Note that going from discrete to continuous is achieved by changing the sum for an integral and the probability $p_i$ for the *probability differential* $dp = f(x)\, dx$, which represents the probability of and *infinitesimally small interval*.



### The (Cumulative) Distribution Function of a Continuous Random Variable

+ The distribution function for a random variable (discrete or continuous) is:
$$
\quad\\
F(k) = P(X \leq k)
\quad\\
$$
and for a continuous random variable that turns out to be
$$
\quad\\
F(k) = \int_{-\infty}^{k}f(x)\,dx
\quad\\
$$

+ For discrete random variables the distribution function looked like a stair. In the continuous case it is more like a ramp, climbing from 0 to 1 as $x$ moves left to right along the horizontal axis:
![](./fig/04-06-FuncionDistribucionVariableContinuaTipica.png)
Note that (unlike the density function) the values of the function are indeed probabilities (cumulative ones, of course). That is one of the reasons that make distribution functions useful:
$$
\quad\\
P(a < X < b) = F(b) - F(a)
\quad\\
$$


## The Uniform Distribution

+ This is possibly the simplest of all continuous random variables, yet it is extremely important and useful. It represents the idea of randomly picking a point in interval $[a, b]$ in such a way that all regions of the interval with the same size are equally probable.  
(*Side Note:* sometimes people say "all points are equally likely" to describe the uniform distribution. But that is misleading because the probability of a single point is always zero in a continuous random variable, be it *uniform or not*).

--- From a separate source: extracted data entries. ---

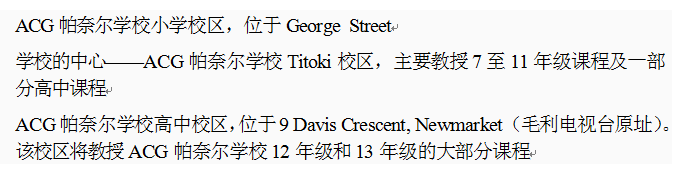 自 2019 年 1 月起, ACG 高级中学的学生将搬至 ACG 帕奈尔学校高中校区,并在崭新的校园里继续学业。大部分 12 年级和 13 年级的课程将从 2019 年 1 月起于新校区进行教授。新校区位于 9 Davis Crescent, Newmarket (毛利电视台原址)。
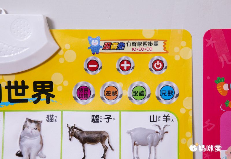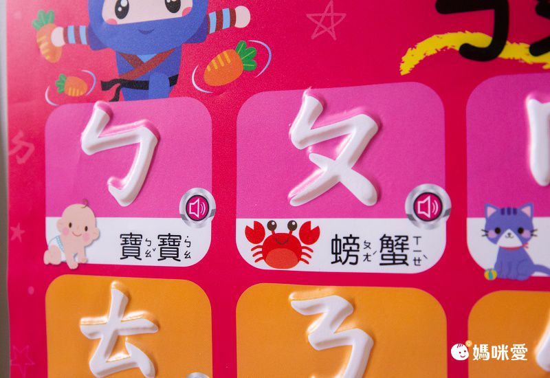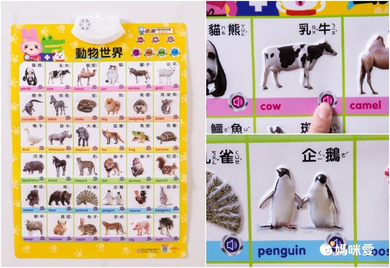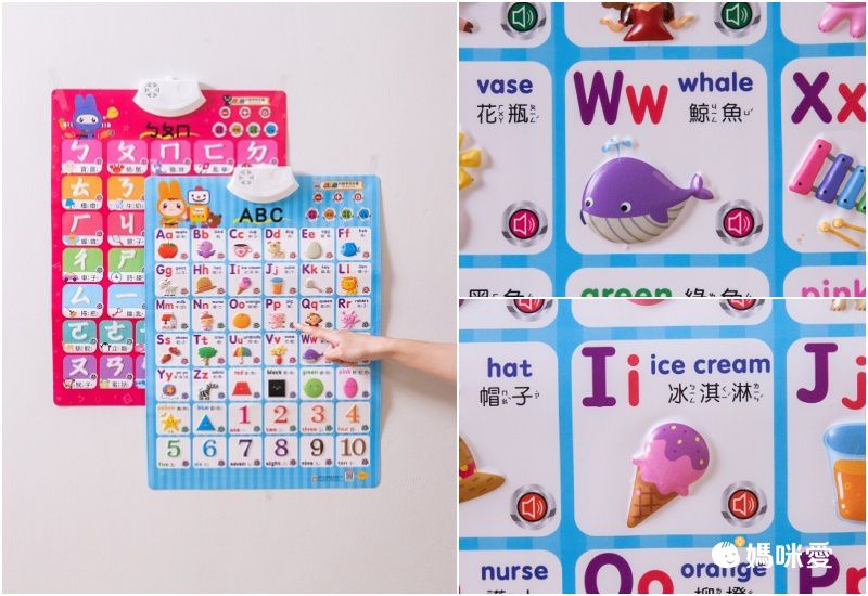 玩法超簡單,保證教一次孩子就會了:找到掛圖上的喇叭符號,輕輕按一下就能聽到ㄅㄆㄇ、英文字母/單字、或者小動物的正確念法囉!
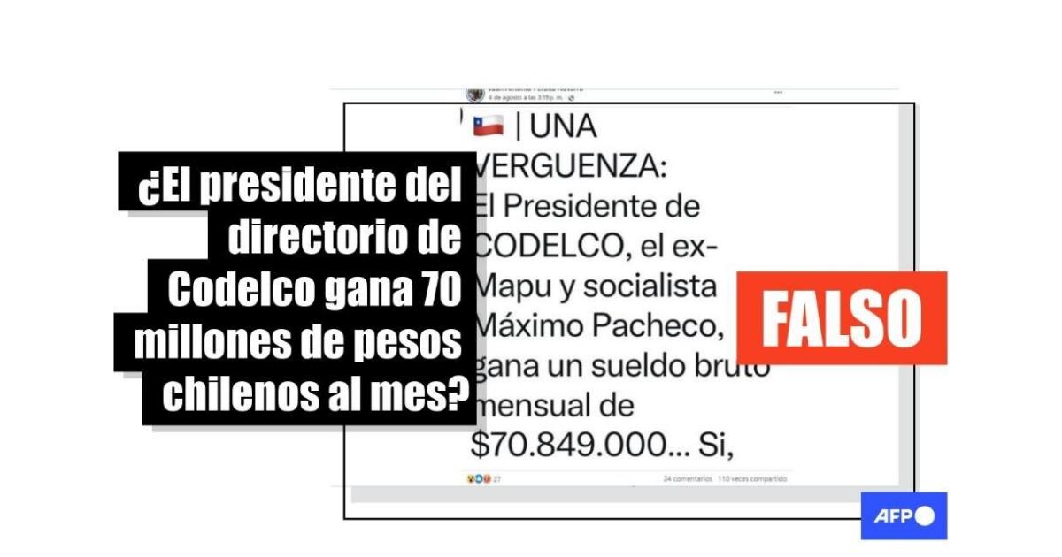 “UNA VERGUENZA: El Presidente de CODELCO, el ex-Mapu y socialista Máximo Pacheco, gana un sueldo bruto mensual de $70.849.000... Si, leíste bien, más de 70 palos mensuales”, señalan publicaciones en Facebook y X .

+ The density function of a uniform variable $X$ is therefore constant in the interval $[a, b]$ and zero elsewhere:
$$
\quad\\
f(x) = 
\begin{cases}
\dfrac{1}{b - a} & \text{ if } a\leq x\leq b\\[3mm]
0 & \text{ otherwise }\\
\end{cases}
\quad\\
$$


### Mean and Variance for Uniform Distributions

+ The mean of a uniform variable is, as expected:
$$
\quad\\
\mu = \dfrac{a + b}{2}
\quad\\
$$
and the variance is
$$
\quad\\
\sigma^2 = \dfrac{(b - a)^2}{12}
\quad\\
$$


### Uniform Distributions with Python

+ The most important operation with random uniform variables in Python is the ability to generate random values. We can do that with NumPy or SciPy as follows:

In [None]:
# Let us generate an array with N random points in [a, b]
N = 20000
a = -5
b = 12

# With current NumPy version 
# See https://numpy.org/doc/stable/reference/random/generated/numpy.random.Generator.uniform.html

print("NumPy current version:")
X = np.random.default_rng(2022).uniform(low = a, high = b, size = N)
print(X[0:20])

print("-" * 80, "\n")

# With legacy NumPy versions
# See https://numpy.org/doc/stable/reference/random/generated/numpy.random.uniform.html

print("NumPy legacy:")
np.random.seed(2022)
X =  np.random.uniform(low = a, high = b, size = N)
print(X[0:20])
print("-" * 80, "\n")

# Scipy
print("SciPy:")
X = stats.uniform(loc = a, scale = b - a).rvs(size = N)
print(X[0:20])


+ Recall that the *size* parameter of NumPy random generators is in fact a *shape*. That is, you can easily modify the above code to get a matrix of uniform random numbers with any desired shape.

+ **Exercise:**  
(a) Using the above results check the formulas for the mean and variance of the uniform distribution.  
(b) Generate a hundred million points uniformly distributed in the square $[-1, 1]\times[-1, 1]$. Count how many of them are at a distance less 
than 1 from the origin.  
(c) Plot the first $n = 5000$ points and those among them that verify the condition about the distance.  
(d) Use your results to estimate the number $\pi$.

In [None]:
# %load "./exclude/ejercicios/S04-005.py"

## Normal Random Variables

### The Normal Curves

+ We have already met these curves more than once. There is in fact a whole [family of normal curves](https://www.geogebra.org/m/BE4aF2Yb), depending on their mean and variance, whose equation is
$$
f_{\mu,\sigma}(x)=\displaystyle\dfrac{1}{\sigma\sqrt{2\pi}}e^{-\frac{1}{2}\left(\frac{x-\mu}{\sigma}\right)^2}
$$
But fear not, we will not be using that much!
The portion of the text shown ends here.